The Changeling

We are back in Hollywood this week after a spate of gripping but depressing films. Like Bashir, Gomorra and Baader Meinhof, The Changeling is also a true story, but it is given the full Hollywood blockbuster treatment as befits a director of Clint Eastwood’s standing. He is carving a niche for himself in delivering beautifully directed, populist movies with a social conscience – Million Dollar Baby, Mystic River, Flags of our Fathers and Letters from Iwo Jima. The Changeling adds to this oeuvre and he has his eyes squarely set on Oscars.

This is the story of a mother’s search for her missing son. Christine Collins, played by Angelina Jolie as you have never seen her before, is a1920s vampy single mom with lips so ruby red they fill not only her face but the screen as well in all those lingering shots so loved by the director. She goes to work one day as a roller-skating supervisor at Pacific Bell (good historical scenes in themselves), and when she comes home, her beloved Walter is gone. 

The LAPD in the prohibition era of 1928 was a corrupt and politically motivated police force (plus ca change some might say) and deeply unpopular. When a missing child is found, Captain Jones, in charge of the half-hearted investigation, arranges a mother-son reunion, complete with press at the railway station to try and regain some moral high ground for the force. But shock horror, it’s not Walter. Accused of being in shock and denial, and a bad mother, Christine is blackmailed into taking the boy in. What follows is a teeth-grindingly irritating sequence of events with Christine pitted against the system which is deaf to her insistence – despite all the evidence – that this is not her son. This bureaucracy has a painful resonance to those of us who have battled at some stage or another with the likes of Camden Council, banks or power companies or, at another level the frustration one feels when looking at the horror of Zimbabwe and being absolutely powerless to do anything.

To her aid comes a knight in shining armour in the unlikely form of John Malkovitch, unrecognisable apart from his mellifluous voice, as Reverend Briegleb who is campaigning against the corruption in the LAPD. He takes up her case when the villainous Jones (odiously and convincingly played by Jeffrey Donavan as the big-for-his-boots but brainless official who makes all the rules) sections her in the local madhouse.

The arbitrary and sadistic incarceration of sane women at the whim of the police forms a parallel strand in the movie, one that Christine and Briegleb take up as part of their crusade to shame the LAPD into looking for Walter. You also get the sense that this ticks some of Eastwood’s boxes of politically correct causes.

There’s no bad cop without a good one – and true to form by chance the good one stumbles across a runaway boy who provides the key to the film’s gruesome and grizzly unravelling.

So all this sounds like another docudrama you say.

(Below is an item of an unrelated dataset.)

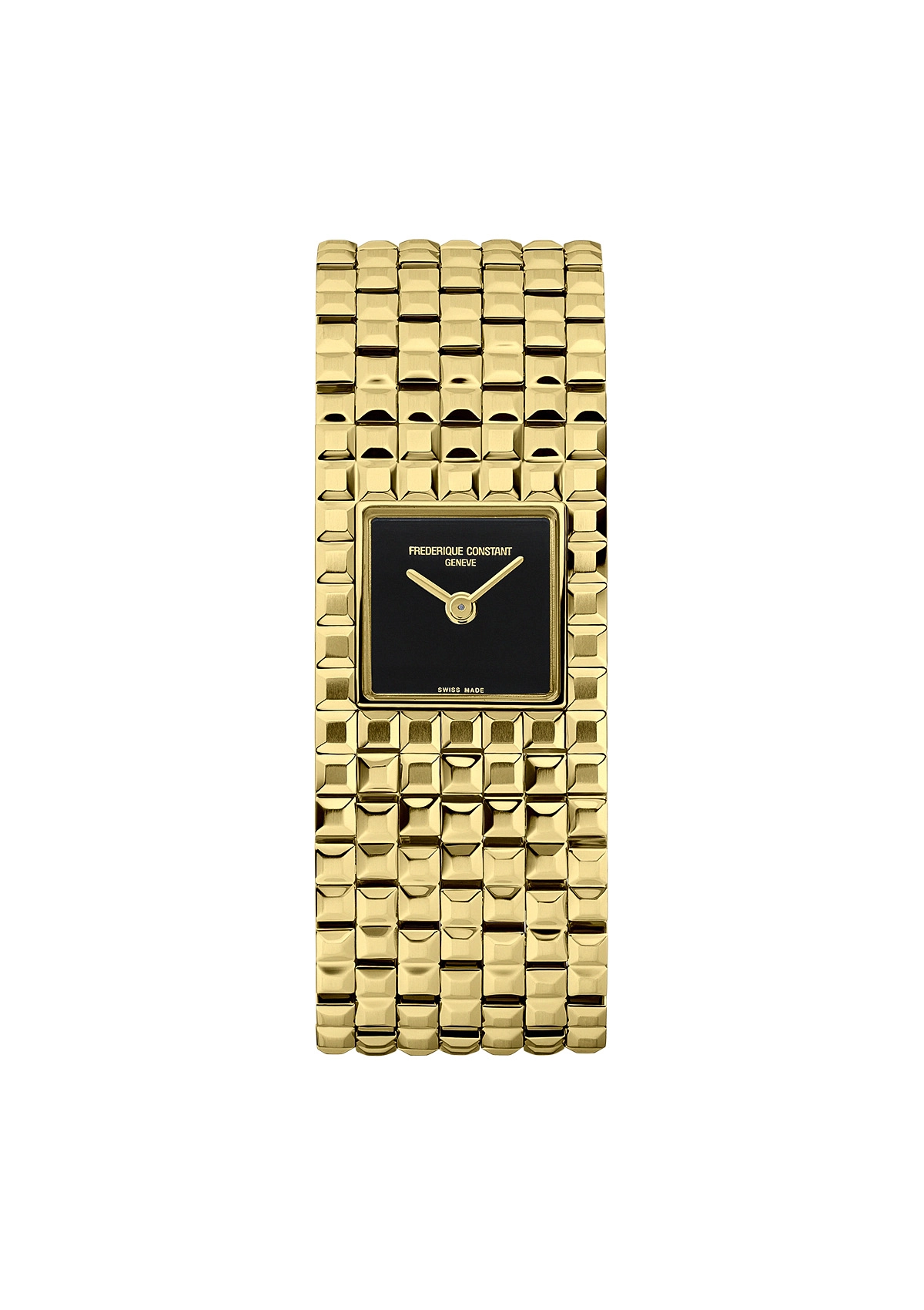 Frederique Constant released its Gilded Classics Manchette, a timepiece geared towards ladies with an effortlessly cool but classic feel. This version of the Classics Manchette carries a little bit of a rock-and-roll feeling, with a gold-colored cuff in a Clou de Paris pattern and a deep black onyx dial.
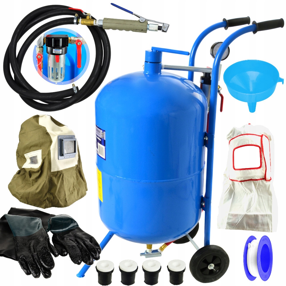 Mobilní tryskací jednotka G02020 o objemu 76 litrů, známá též jako pískovačka, je zařízení používané pro čištění, odstraňování nátěrů a povrchovou úpravu různých materiálů pomocí tlakového proudu abrazivních materiálů, jako je písek nebo jiné tvrdé částice. Pískovačka je perfektní pro čištění hliníkových ráfků, dílů karoserie, odstraňování rzi, koroze, zbytků různých typů barev a laků. Dehydrátor použitý v pískovačce redukuje množství vody ve vzduchu na takové množství, aby nedocházelo k ucpání odpaliště, kde se mísí písek se vzduchem. Bez dehydrátoru se sypač písku často ucpe a zablokuje, což je z dlouhodobého hlediska unavující. Bezpečný provoz zajišťuje pojistný ventil.

Well, there are some massive differences, budget for one. The opening scenes of Los Angeles in 1928 are impressive – big pans of bustling street scenes, with trams, buses and cars of the period, teeming with people and complete with contemporary facades – as are the crowd scenes of the demonstrations outside the courthouse, all pure Hollywood in scale.

Then of course there is La Jolie herself who does not come cheap, but again is making a name for herself in serious films – most recently applauded as Daniel Pearl’s wife in A Mighty Heart (forget about voicing over Beowulf in between). And she is surprisingly good – not only to look at, immaculately dressed  and coiffed in period style throughout, not forgetting those lips – but also in the mad house scenes where she looks terrible and acts brilliantly; bringing to mind her early tour de force in Girl, Interrupted, also set in a mental hospital. The child actors also deserve praise in acting out some harrowing scenes.

One or two minor quibbles though. The film struggles to find an ending. Just when you think closure is achieved, there is more, and more, and more….And as a result the film is over-long, but nevertheless engrossing as a mystery should be. It is also strange that the fake Walter Collins plays that role without demur and, even when he is re-united with his mother, his behaviour throughout remains an enigma. And some of the characterisation is two-dimensional – all the goodies are good, and all the baddies are bad. Dramatic licence no doubt. These aside, it is always satisfying to feel a part of a victory of the little people over big bad brother.